Understanding the biology of Foxp3+ CD8+ regulatory T cells and their potential role in multiple sclerosis

CD4+Foxp3+ regulatory T-cells (Tregs) are the most well characterised suppressive cell type in the immune system, with potent roles in suppressing autoimmunity. By contrast, despite expressing the same master transcription factor, very little is known about CD8+Foxp3+ Tregs. Recent discoveries from our lab, and the lab of our collaborator Adrian Liston, have begun to shed light on these cells, revealing their significant yet overlooked role in immune regulation. Our work has shown that these cells are found are found within B-cell zones of lymphoid organs, suggesting a unique interaction between these cell types. They are also found in significant numbers in human non-lymphoid tissues, indicating their broader role in immune responses.

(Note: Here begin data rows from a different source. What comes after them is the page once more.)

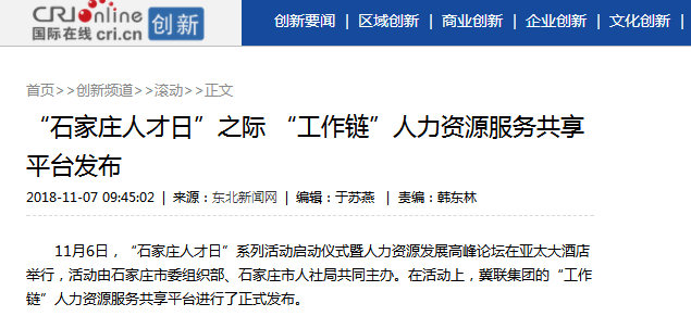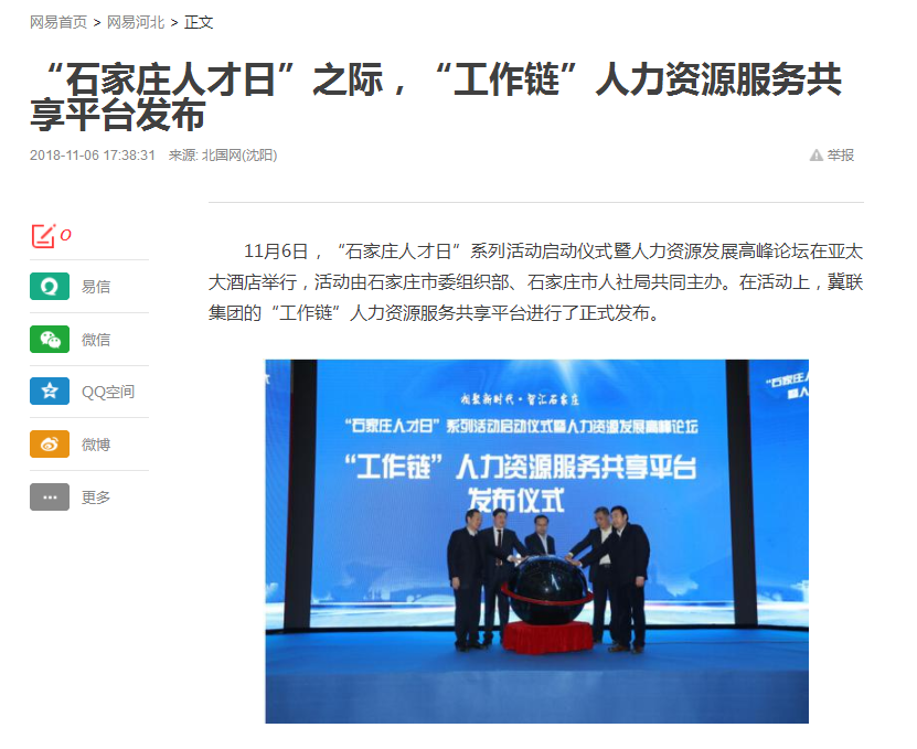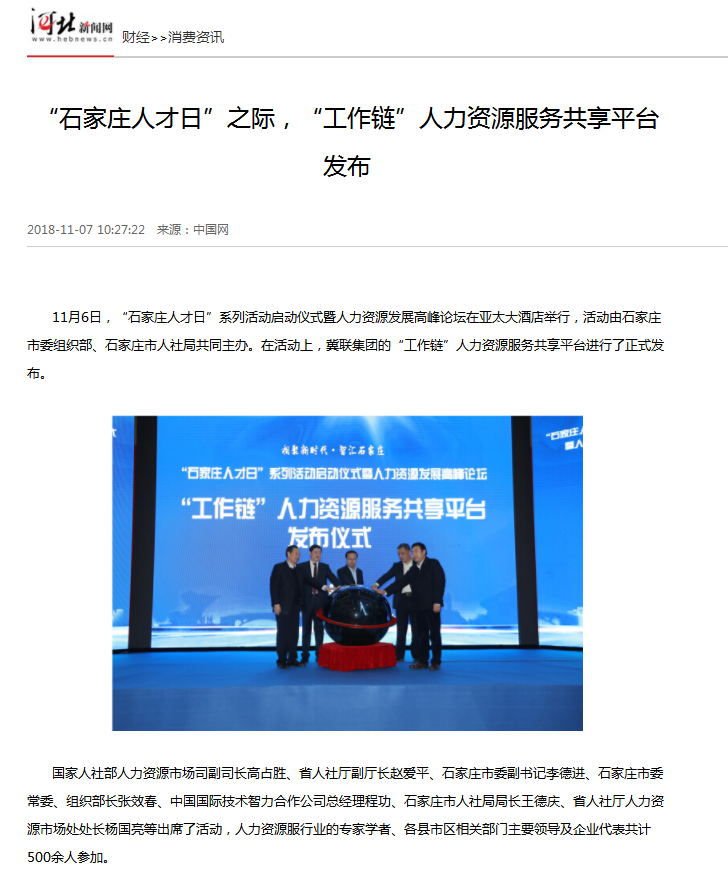 “石家莊人才日”之際,“工作鏈”人力資源服務共享平臺發布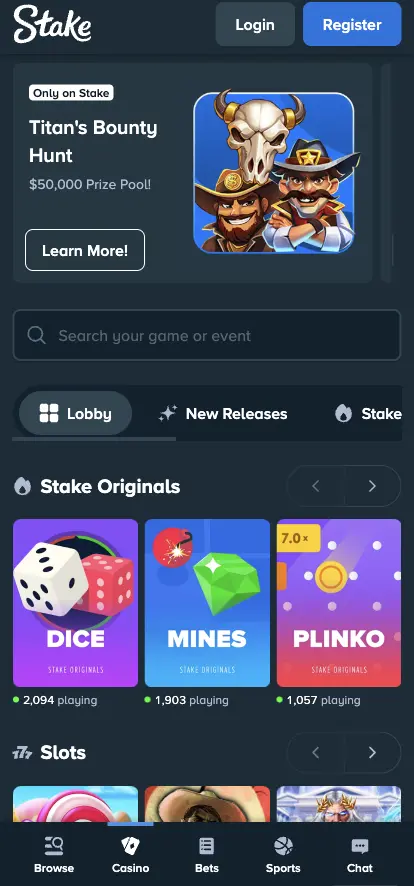 Sign-up and log-in buttons appear at the top, next to our logo. You will find a banner showing current offers below the header. The search bar appears below the banner. You can search for titles. The search bar is followed by tabs, including lobby, slots and live casino. Users can scroll on the interface to find games. You will find several sections and < > signs to help you explore the section. Stake app also has a footer section, where you will find the licensing details, terms of use and other information.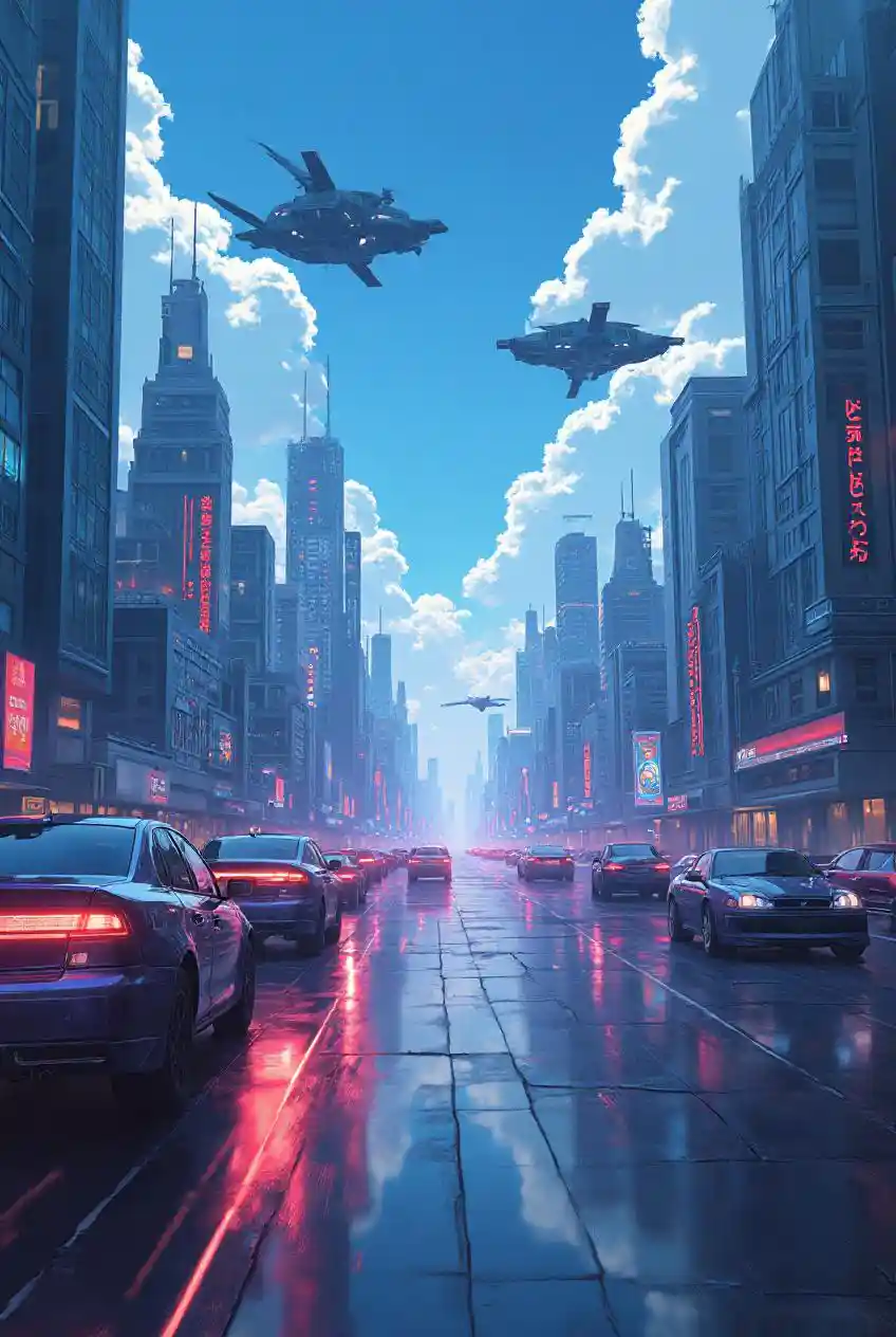ColtenCybernetic skyline with flying cars and holograms, reflecting a futuristic anime realm.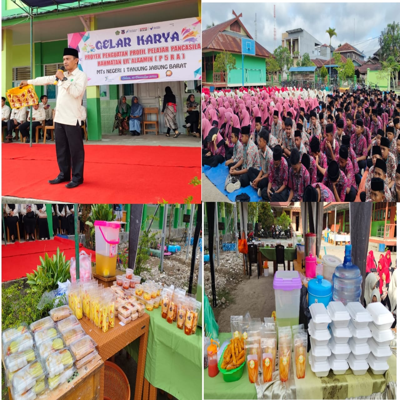Kepala MTsN 1 Tanjung Jabung Barat, bapak Mhd, Tang, S.Ag, M.Pd.I membuka secara langsung pelaksanaan kegiatan puncak Gelar Karya P5RA yang bertempat di lapangan utama madrasah. Kegiatan yang berlangsung pada hari selasa ini merupakan puncak pelaksanaan P5RA yang sebelaumnya telah dimulai tahapan proses persiapan pada tanggal 4 s.d 9 desember 2024.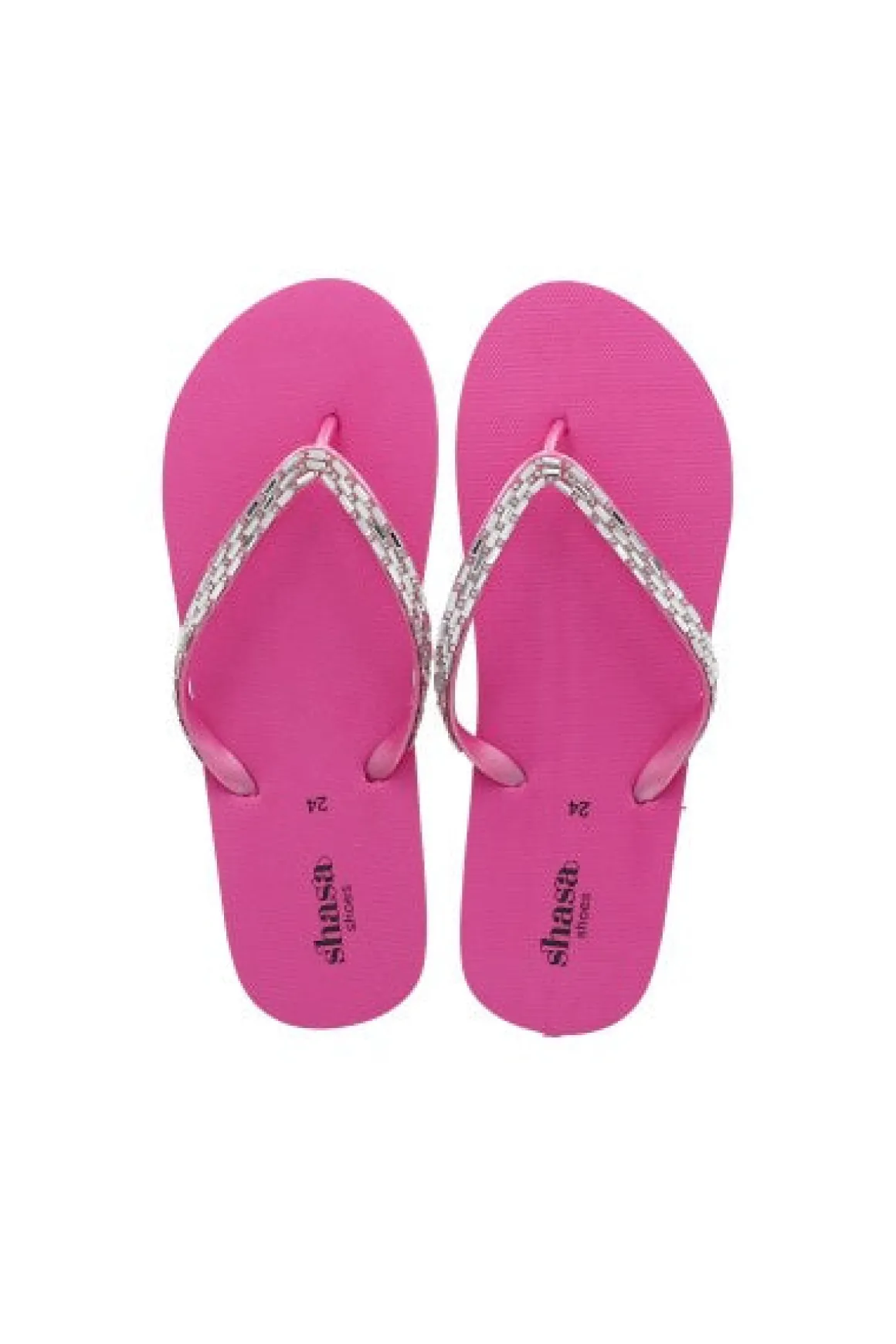 Luce un estilo brillante y relajado con nuestras sandalias flip flops. Las cintas decoradas con aplicación de brillos añaden el toque perfecto de glamour a estas sandalias básicas. Ideales para tus días de playa, salidas casuales o cualquier aventura, combinan comodidad y moda. Fácil de combinar con cualquier outfit de verano, desde bikinis hasta vestidos ligeros. ¡Haz que cada paso brille con estas sandalias que elevan tu estilo a otro nivel!

This project aims to further explore the biology of CD8+Tregs, focusing on their potential role in multiple sclerosis (MS), an autoimmune, demyelinating disorder of the central nervous system. The study will involve detailed characterisation of CD8+ Tregs in healthy individuals and MS patients, spatial analysis of their presence in brain tissue, TCR sequence analysis, and functional testing in human brain slices and mouse models of MS. The overall goal of the project is to better understand the role of CD8+ Tregs in immune regulation and assess their potential as a therapeutic target in MS.